- Occupation: Science writer
- Awards: 119th Yale Younger Poets award recipient

Academic background
- Education: New York University (MFA)
- Alma mater: New York University
- Website: https://john-liles.com/

= John Liles (writer) =

American poet and professor

John Liles is an American poet, science writer, and educator. He won the Yale Series of Younger Poets Prize in 2024 for his debut poetry collection, Bees, and After.

==Biography==
Liles graduated from the MFA program at New York University. He was the artist-in-residence at the Oak Spring Garden Foundation in 2019 and 2020. His debut chapbook, Following the dog down, won the Omnidawn Chapbook Prize in 2017.

In 2024, Liles was named winner of the Yale Younger Poets award, selected by Rae Armantrout. Armantrout described his winning manuscript, Bees, and After, as "dense, sonically gorgeous studies of various natural things and creatures, including light, bees, minerals, shellfish and crabs, insects, and the workings (and failures) of the heart."

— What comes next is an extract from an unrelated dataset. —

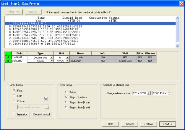 gned the first column as 'Decimal Time' and the second as 'Oil Rate'. This

Liles' poems have appeared in Scientific American and Sonora Review. He currently lives in Fort Bragg, California.

==Honors and awards==
- 2024: Yale Series of Younger Poets Prize

==Published works==
Poetry collections
- Liles, J. (2025). Bees, and After. New Haven, CT: Yale University Press.
Chapbooks

- Liles, J. (2017). Following the dog down. Richmond, CA: Omnidawn Publishing.